--- Work instruction ---
Repeat the data in full and exactly. Leave the pictures out.

--- Data block ---
╔══
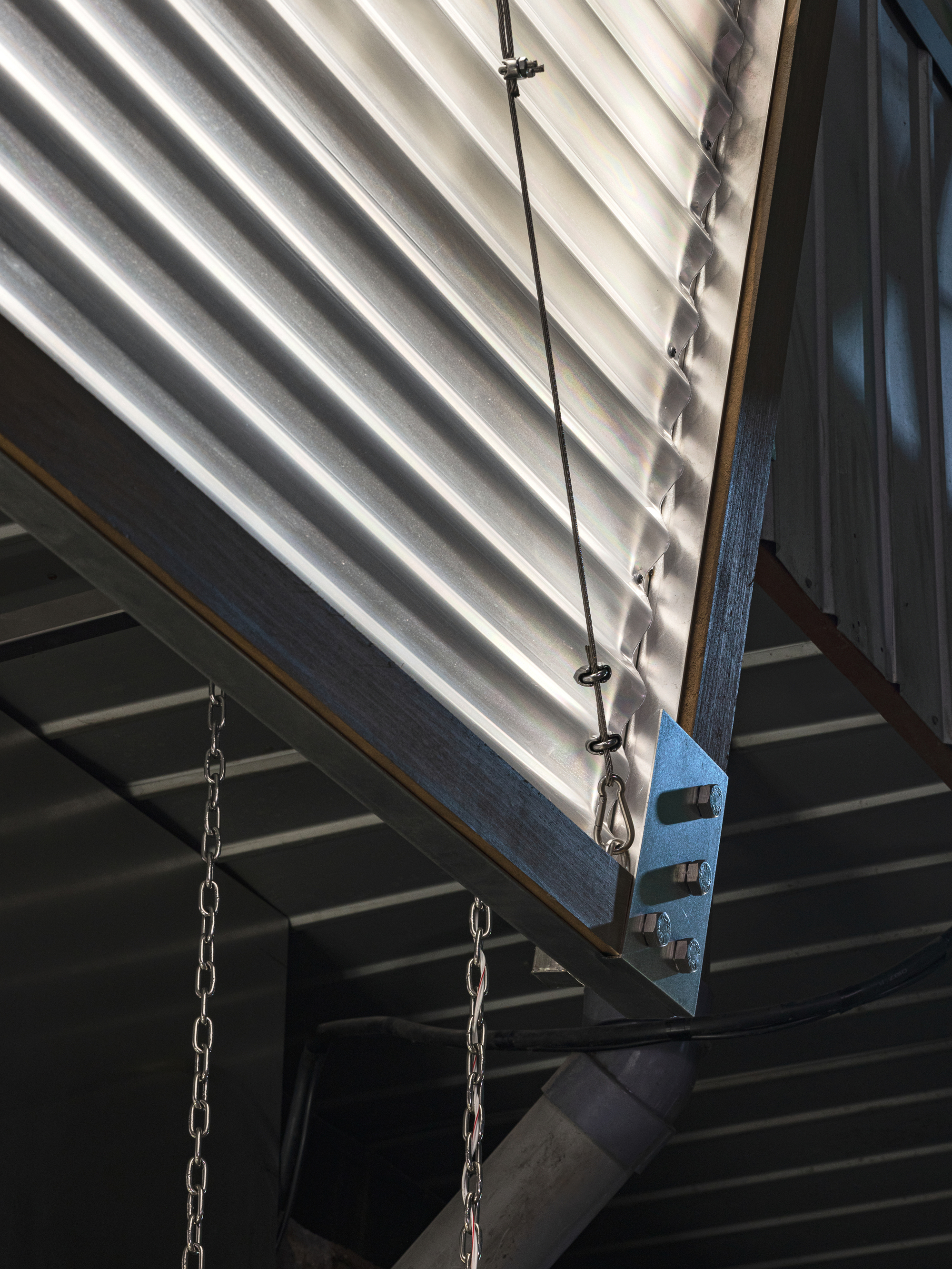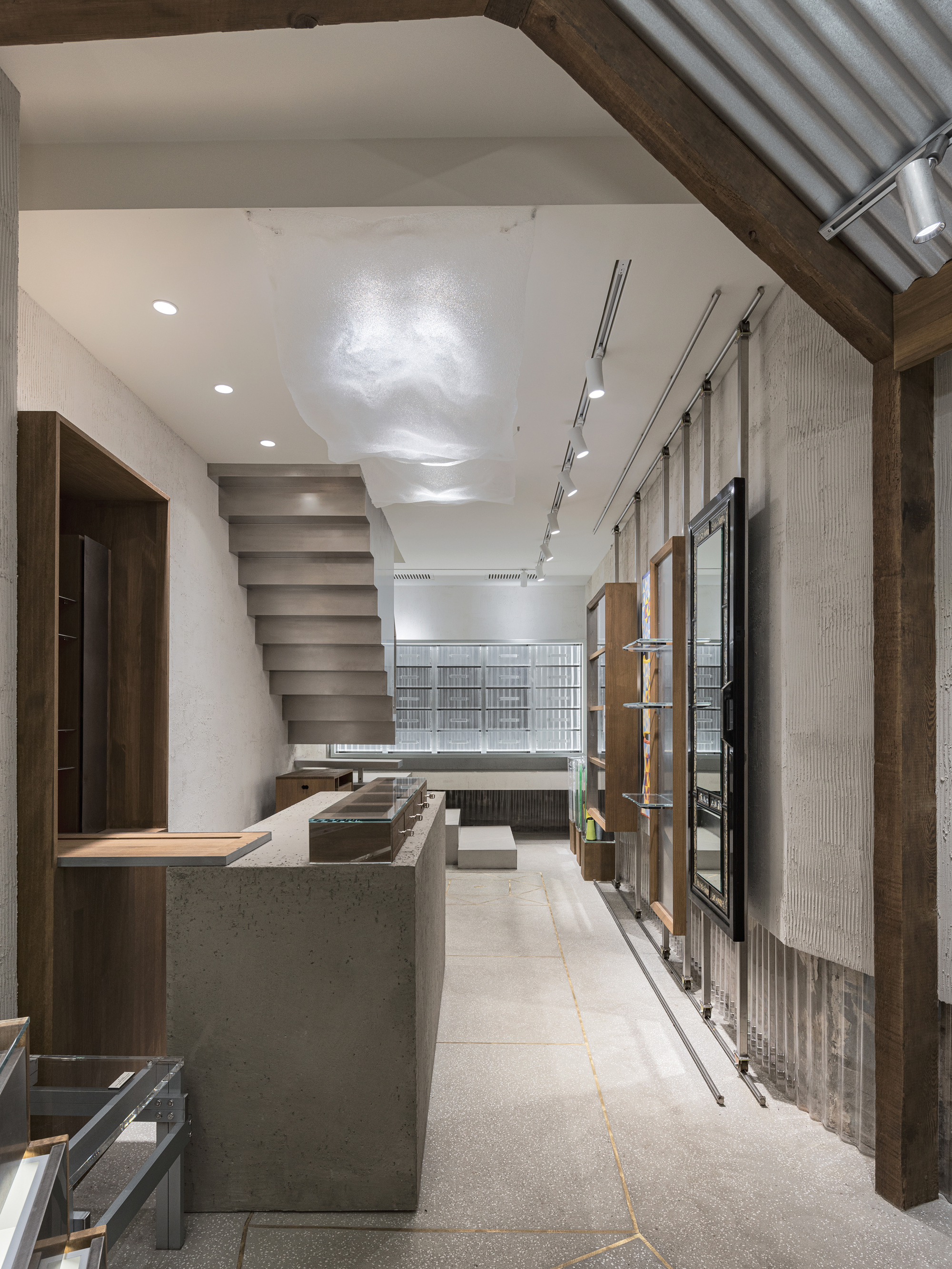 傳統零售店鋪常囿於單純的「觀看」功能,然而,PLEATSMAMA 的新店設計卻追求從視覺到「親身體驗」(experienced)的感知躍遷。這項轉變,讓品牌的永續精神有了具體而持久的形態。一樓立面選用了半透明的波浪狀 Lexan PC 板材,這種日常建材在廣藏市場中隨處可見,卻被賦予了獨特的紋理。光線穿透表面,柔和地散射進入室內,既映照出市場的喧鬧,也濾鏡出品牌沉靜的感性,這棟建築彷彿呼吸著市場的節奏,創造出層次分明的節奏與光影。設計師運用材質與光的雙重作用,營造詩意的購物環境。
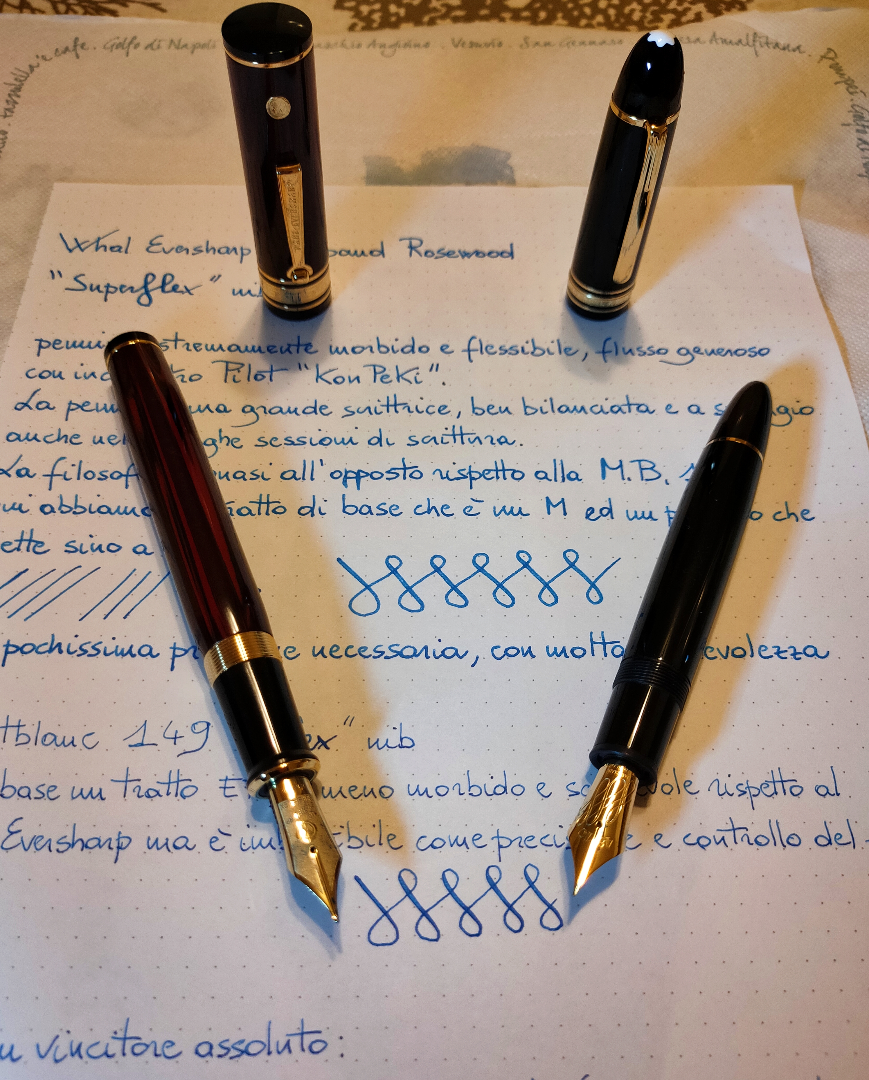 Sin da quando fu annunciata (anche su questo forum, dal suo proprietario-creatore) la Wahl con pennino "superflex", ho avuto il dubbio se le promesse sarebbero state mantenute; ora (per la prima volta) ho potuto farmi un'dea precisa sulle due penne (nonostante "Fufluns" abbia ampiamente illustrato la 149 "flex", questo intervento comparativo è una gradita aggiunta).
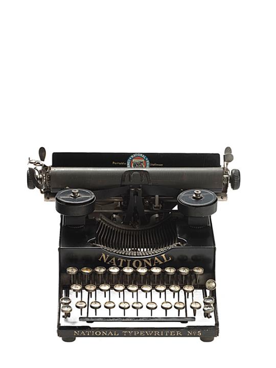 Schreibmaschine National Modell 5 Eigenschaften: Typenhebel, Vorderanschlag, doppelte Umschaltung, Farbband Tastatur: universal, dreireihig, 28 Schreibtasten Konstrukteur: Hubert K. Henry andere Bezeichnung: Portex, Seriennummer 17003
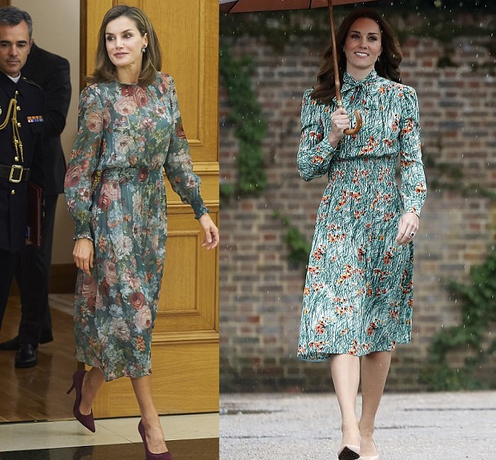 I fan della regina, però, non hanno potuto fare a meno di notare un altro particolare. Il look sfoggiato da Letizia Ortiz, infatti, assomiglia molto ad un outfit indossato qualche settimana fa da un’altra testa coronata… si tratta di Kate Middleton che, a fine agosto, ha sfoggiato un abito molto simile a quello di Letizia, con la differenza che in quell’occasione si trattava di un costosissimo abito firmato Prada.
╚══
--- Task answer ---
 傳統零售店鋪常囿於單純的「觀看」功能,然而,PLEATSMAMA 的新店設計卻追求從視覺到「親身體驗」(experienced)的感知躍遷。這項轉變,讓品牌的永續精神有了具體而持久的形態。一樓立面選用了半透明的波浪狀 Lexan PC 板材,這種日常建材在廣藏市場中隨處可見,卻被賦予了獨特的紋理。光線穿透表面,柔和地散射進入室內,既映照出市場的喧鬧,也濾鏡出品牌沉靜的感性,這棟建築彷彿呼吸著市場的節奏,創造出層次分明的節奏與光影。設計師運用材質與光的雙重作用,營造詩意的購物環境。
 Sin da quando fu annunciata (anche su questo forum, dal suo proprietario-creatore) la Wahl con pennino "superflex", ho avuto il dubbio se le promesse sarebbero state mantenute; ora (per la prima volta) ho potuto farmi un'dea precisa sulle due penne (nonostante "Fufluns" abbia ampiamente illustrato la 149 "flex", questo intervento comparativo è una gradita aggiunta).
 Schreibmaschine National Modell 5 Eigenschaften: Typenhebel, Vorderanschlag, doppelte Umschaltung, Farbband Tastatur: universal, dreireihig, 28 Schreibtasten Konstrukteur: Hubert K. Henry andere Bezeichnung: Portex, Seriennummer 17003
 I fan della regina, però, non hanno potuto fare a meno di notare un altro particolare. Il look sfoggiato da Letizia Ortiz, infatti, assomiglia molto ad un outfit indossato qualche settimana fa da un’altra testa coronata… si tratta di Kate Middleton che, a fine agosto, ha sfoggiato un abito molto simile a quello di Letizia, con la differenza che in quell’occasione si trattava di un costosissimo abito firmato Prada.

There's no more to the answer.